An Army veteran, Behrens became a comic book enthusiast while serving in Iraq, when his family sent him “Iron Man” comics. From there, he began seeking out other titles he found interesting.
I wonder if the IM stories he got were published after the early 2000s, when Marvel went downhill? Some very bad ideas were shoved into every Marvel book at the time under both Joe Quesada and Bill Jemas, and I wouldn't recommend anything coming after 2003. But now, here's where the store's MO becomes fishy and disappointing:
He said he wanted to open a store as a way to make comic books accessible and affordable for everyone.

“There’s not a place around here to get older comics or vintage comics and I wanted an opportunity to get them into the hands of people,”
Behrens said. “Alan Moore is one of my favorite writers in comics, and he made a comment in an interview one time that comic books are no longer for the middle class; they’re for the rich because the prices are going so high. So I want to get them back in the hands of the middle class.

“I want the younger kids to get back into comics and people that said ‘You know I really wanted that fancy No. 1 ‘Iron Man’ but I can’t spend that exorbitant amount of money,’ I want to make sure I can give the opportunity for them to get it at an affordable price.”
On this, here's the challenging query: does he advocate for archive collections? Both Marvel and DC have put out specific paperback and hardcover archives reprinting their past storylines from pre-2000, in example, and anybody who wants various storylines complete should be able to afford said archives. Unfortunately, if the following answer says something:
The store will also offer a “subscription” service.
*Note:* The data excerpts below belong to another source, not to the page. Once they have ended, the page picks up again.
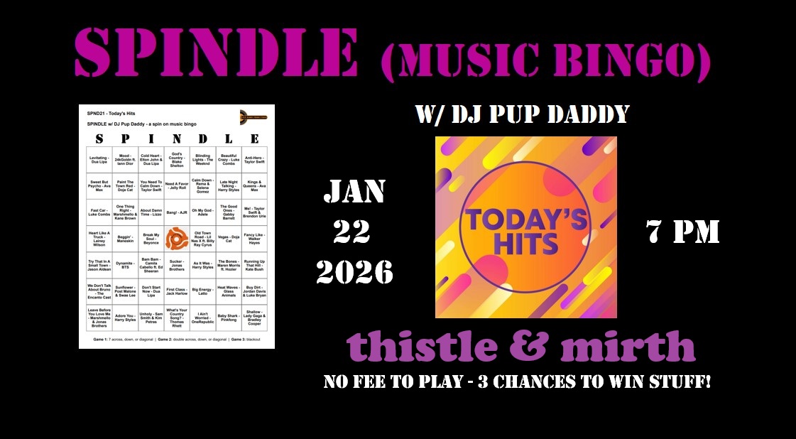 Pup Daddy Productions & Thistle & Mirth team up to bring you a Thursday night game of SPINDLE (music bingo) w/ DJ Pup Daddy. The music theme for the January 22nd game is Today's Hits! DJ Pup Daddy will randomly play 1-2 minutes of a popular jam from the past 5 years or so and […]
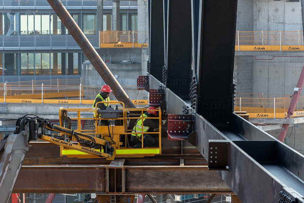 La soluzione proposta da Ulma ha risposto perfettamente a questa richiesta: sono stati forniti circa 900 metri di protezioni perimetrali progettate ad hoc, costituite da centine MK accoppiate tra loro mediante l’ausilio di tubi da ponteggio; fissate al solaio appena realizzato, hanno permesso la casseratura e la realizzazione del solaio successivo in totale sicurezza.
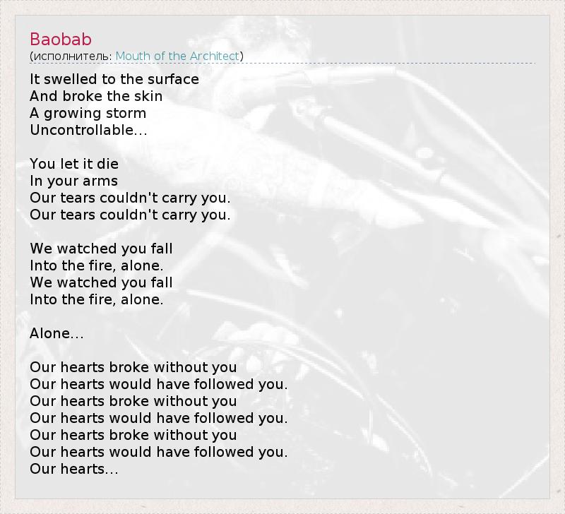 А как ты думаешь, о чем песня "Baobab" ?
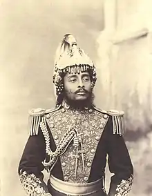 Mukhtiyar Bhimsen Thapa was the first person to use Commander-in-Chief as the title of army chief.[4] He was given the title of General as an additional portfolio to the position of Mukhtiyar.[5] During the Anglo-Nepalese War, Bhimsen bore all the responsibilities of the army as a Commander-in-Chief.[6] King Rajendra Bikram Shah appointed Bhimsen to the post of Commander-in-Chief on 1835 A.D.[7] and praised Bhimsen for long service to the nation.[8] However, on 14 June 1837, the King took over the command of all the battalions put in charge of various courtiers, and himself became the Commander-in-Chief.[9][10] Immediately after the incarceration of the Thapas in 1837, Dalbhanjan Pande and Rana Jang Pande were the joint head of military administration.[11] However, Rana Jang was removed after 3 months in October 1837.[12][13][14][15] During the Rana dynasty, the founding Rana Prime Minister Jung Bahadur Rana made the position hereditary on agnatic rolls of succession. The Commander-in-Chief was made the second rank in the hierarchy to Prime Minister of Nepal and was made to succeed as the Prime Minister in case of death of reigning Prime Minister.[16] Commander-in-Chief (C-in-C) was second in the hierarchy than Supreme Commander during Rana Era.[1] The eradication of Rana dynasty from power after Revolution of 1951 did not end Ranas' dominance. During the Panchayat period, the Ranas continued to dominate the rank of Commander-in-Chief of Nepalese Army.[4] In the late 1970s, Commander-in-Chief was replaced by new term Chief of the Army Staff (COAS) from the reign of General Singha Pratap Shah.

“Back in the day when we were kids you could order subscriptions and the comics would be mailed to you,” Behrens said. “What I’m doing is, people would come in, they’d tell me they want a ‘subscription’ for ‘Iron Man’ and I would then make sure I have the ‘Iron Man’ available for them every single month and it would be at the store so that they could pick it up.”

Comic Cove will have a membership club with incentives and discounts, and each month members who spend $100 will be entered in a raffle to win a free “slab,” or professionally graded comic.
What is this? He wants everybody to get specifically into buying monthly pamphlets instead of paperbacks and hardcovers, and to top it all off, he even wants to cater to the speculator market? Wow, this is insulting to the intellect. And once again, we have people here who're not thinking forward by a long distance. This is not how to encourage anybody to get into readership and hobby at all.

Unless anybody in the press and industry starts making a serious case for why the time's come to make a wide shift towards paperback and hardcover, no concrete steps will ever be taken to improve the industry's fortunes going forward, and no improvements will come to artistic merit either.